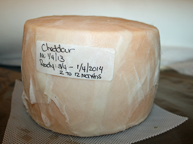 Bandaging is most often used with Cheddar because it results in a drier, flakier cheese. (If you love the “crunch” in a well aged Cheddar, this is the technique for you!) The flavor is also strongly enhanced by the bandage wrap, because the molds (on the outside of the cheese) eat the fat on the bandage (and not the cheese).
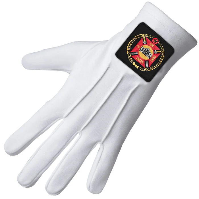 Knights Templar Commandery Gloves – White Cotton with Red & Black Emblem
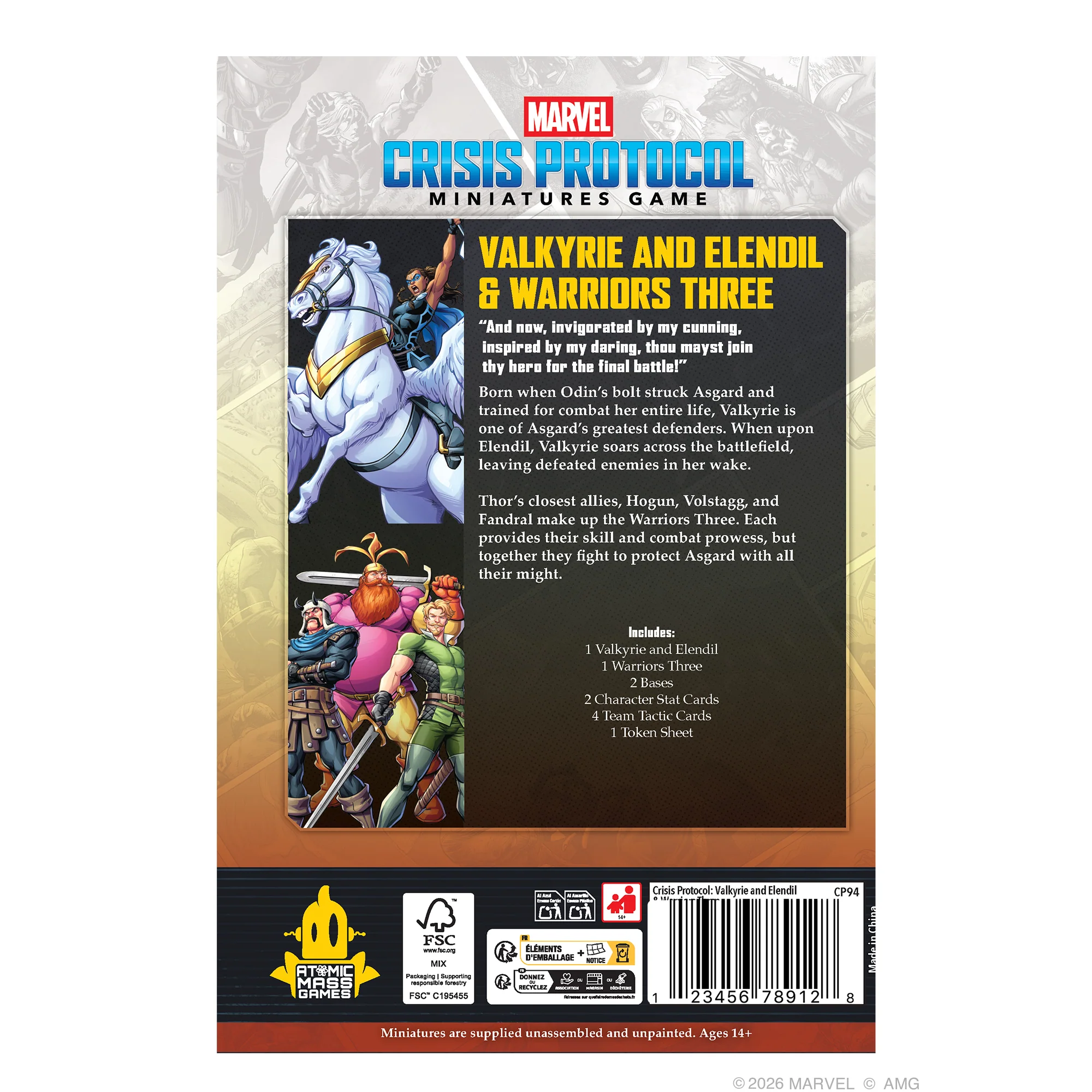 This character pack for Marvel: Crisis Protocol brings two new Asgardian characters to the game for the first time and is an ideal follow up for players looking to add some Asgardian reinforcements to CP91 Loki, Thor, Mighty Thor & Lady Sif or CP198 Asgardian Affiliation Packs. Valkyrie, or Valk, brings mounted speed and power and is an ideal pairing alongside the original Valkyrie from CP198. The Warriors Three bring a toolbox of abilities, representing the martial prowess and unique character of each individual hero to make up the group.
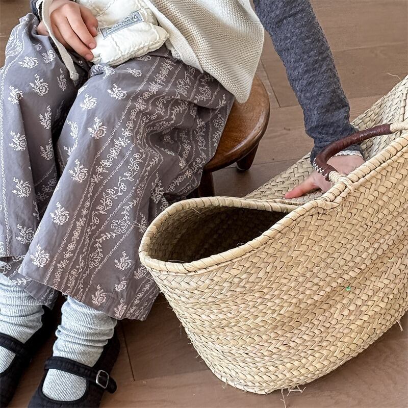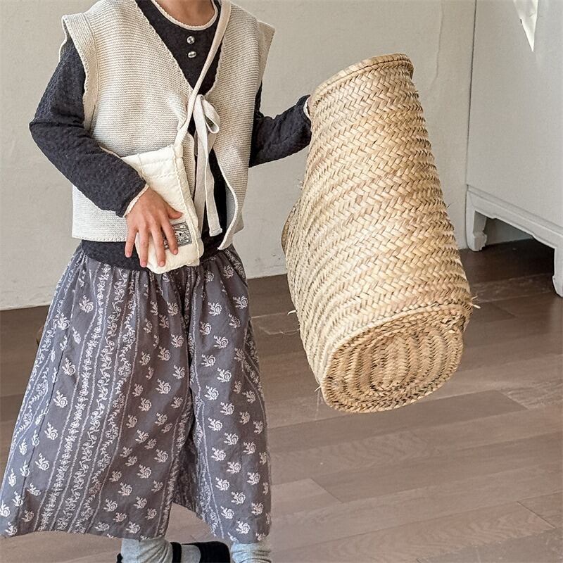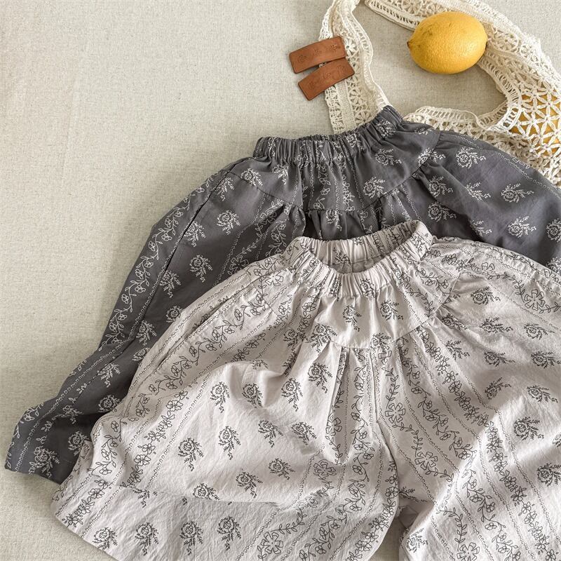 《取寄》 ボタニカル柄フレアパンツ (グレーホワイト/チャコール) ADBB 2025春 韓国子供服 ズボン ボトムス パンツ ワイドパンツ ガウチョパンツ 花柄 クラシック (80~130cm)
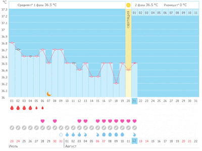 воспроизвела ваш цикл, программа выставила О на 19дц. По идее у вас сегодня день Х и 12дпо
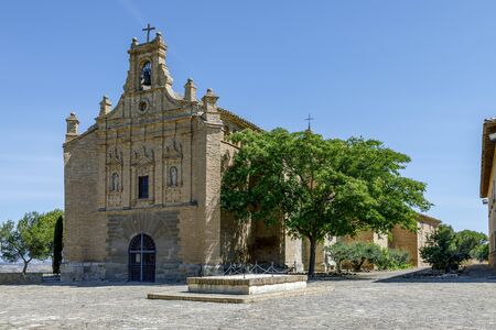 Overview of the town of Ujue in the autonomous community of Nacarra, with the fortress church of Santa Maria, a monumental complex of medieval origin

● ● ●

Your assignment: A verbatim copy of the records is expected, from their first line through the line with "花柄 クラシック (80~130cm)", inclusive, with the pictures removed.

Task response:
 Bandaging is most often used with Cheddar because it results in a drier, flakier cheese. (If you love the “crunch” in a well aged Cheddar, this is the technique for you!) The flavor is also strongly enhanced by the bandage wrap, because the molds (on the outside of the cheese) eat the fat on the bandage (and not the cheese).
 Knights Templar Commandery Gloves – White Cotton with Red & Black Emblem
 This character pack for Marvel: Crisis Protocol brings two new Asgardian characters to the game for the first time and is an ideal follow up for players looking to add some Asgardian reinforcements to CP91 Loki, Thor, Mighty Thor & Lady Sif or CP198 Asgardian Affiliation Packs. Valkyrie, or Valk, brings mounted speed and power and is an ideal pairing alongside the original Valkyrie from CP198. The Warriors Three bring a toolbox of abilities, representing the martial prowess and unique character of each individual hero to make up the group.
 《取寄》 ボタニカル柄フレアパンツ (グレーホワイト/チャコール) ADBB 2025春 韓国子供服 ズボン ボトムス パンツ ワイドパンツ ガウチョパンツ 花柄 クラシック (80~130cm)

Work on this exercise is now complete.